Artificial intelligence-guided detection of under-recognised cardiomyopathies on point-of-care cardiac ultrasonography: a multicentre study
- PMID: 39890242
- PMCID: PMC12084816
- DOI: 10.1016/S2589-7500(24)00249-8
Artificial intelligence-guided detection of under-recognised cardiomyopathies on point-of-care cardiac ultrasonography: a multicentre study
Abstract
Background: Point-of-care ultrasonography (POCUS) enables cardiac imaging at the bedside and in communities but is limited by abbreviated protocols and variation in quality. We aimed to develop and test artificial intelligence (AI) models to screen for under-diagnosed cardiomyopathies from cardiac POCUS.
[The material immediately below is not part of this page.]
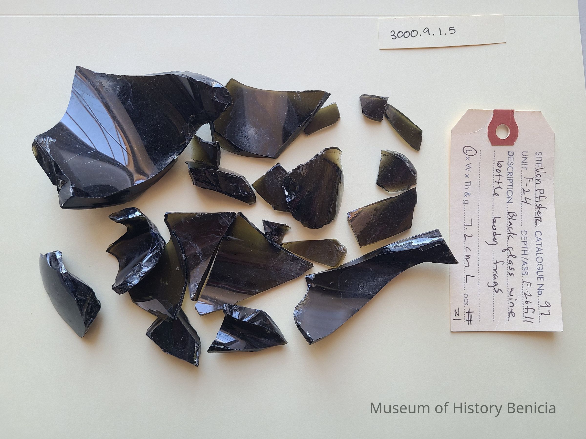 Twenty one dark olive glass shards

Methods: In a development set of 290 245 transthoracic echocardiographic videos across the Yale-New Haven Health System (YNHHS), we used augmentation approaches, and a customised loss function weighted for view quality to derive a POCUS-adapted, multi-label, video-based convolutional neural network that discriminates hypertrophic cardiomyopathy and transthyretin amyloid cardiomyopathy from controls without known disease. We evaluated the model across independent, internal, and external, retrospective cohorts of individuals undergoing cardiac POCUS across YNHHS and the Mount Sinai Health System (MSHS) emergency departments (between 2012 and 2024) to prioritise key views and validate the diagnostic and prognostic performance of single-view screening protocols.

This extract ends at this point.